It's like I had this picture in my head of what an alcoholic actually was and I didn't compare. I was always into other substances more, an addict yes but never an alcoholic, or so I thought.
The past few years I've been drinking more and more. I've always drank a lot, and I've always had a difficult time stopping when I started. But i picked up this habit in the last few years of always drinking alcohol hard and fast for the rush.
It's something that I started doing to cope with the pain and urges i felt while quitting heroin. Whenever I was in opiate wd I picked up hard liquor. When I was out of the acute stages of withdrawal the habit of drinking like that stuck with me and became a way for me to calm my anxieties depression and curb/satiate my opiate cravings.

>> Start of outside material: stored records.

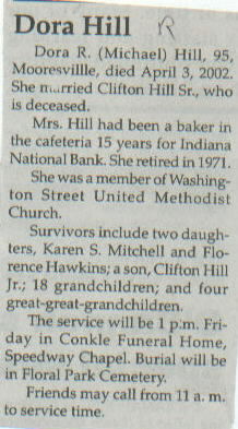 | Survived By | Two daughters, Karen S. Mitchell and Florence Hawkins; son, Clifton Hill, Jr.; 18 grandchildren; 4 great-great-grandchildren. |
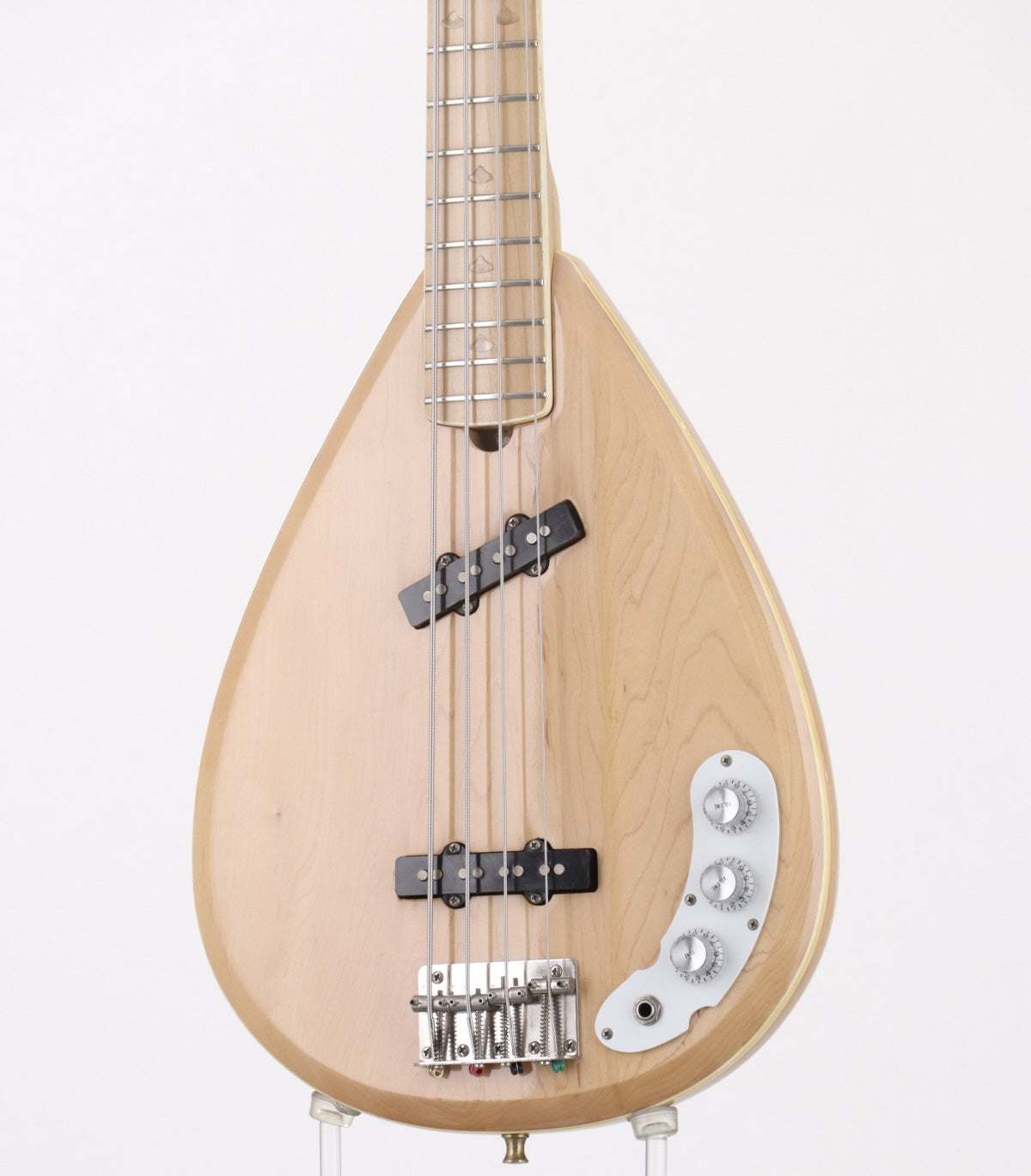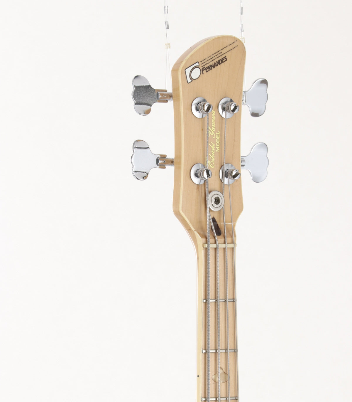 The FYB-70, nicknamed the "Biwa Bass," was named after Eikichi Yazawa, the first Japanese guitarist to play the FERNANNDES guitar brand, which established an era. The teardrop-shaped body is made of maple, and the neck is also maple. The head logo is the commonly known stone logo. Glover pegs are used for the pegs. Scale is 34 inches, nut width is about 40 mm, and fingerboard R is 7.25 inches. The strap button has been changed to a locking type (strap side parts are missing), and the master tone pot and output jack have been replaced.
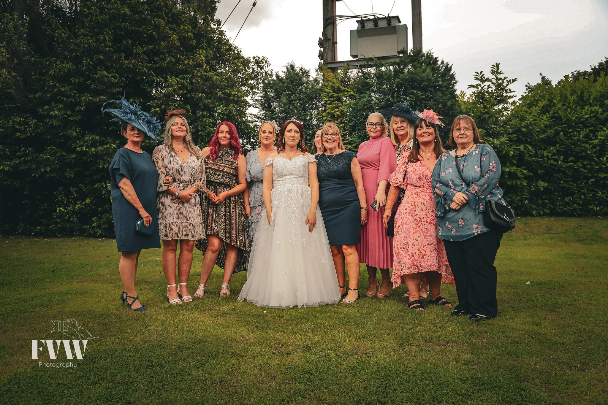 Group of women, including a bride in a white wedding gown, posing on a grassy area outdoors with trees in the background during a wedding celebration.
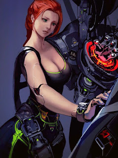 the Shieldmaiden-pattern robot, Elara, approaches Xerxes and his pirate crew. They discuss the possible haul from the place, with Born Riksen, heavy set and jovial in his heavy armor, bragging about his knowledge of the sort of operation going on.
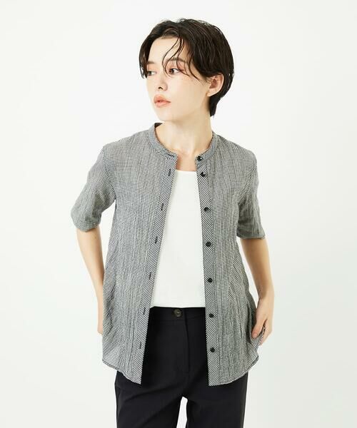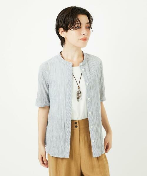 ベーシックなバンドカラーの半袖ブラウス。
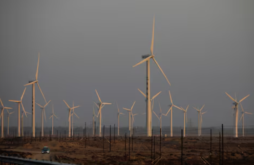A car drives near wind turbines on a power station near Yumen, Gansu province, China September 29, 2020. Picture taken September 29, 2020.

Of course abusing alcohol makes all those things so much worse. There's a reason I was drawn to alcohol as an opiate addict, and there's a reason I would drink heavily and fast. Alcohol hits the opiate receptors (mu and delta I believe) but it's effects are short lived. It happens rapidly when first consuming alcohol but drops off after 20-30mins.
That would be why I drank the way I did, I was trying to maximize the opiate like effects/rush. Often times I would crave opiates after drinking because it was like a tease. An incomplete high.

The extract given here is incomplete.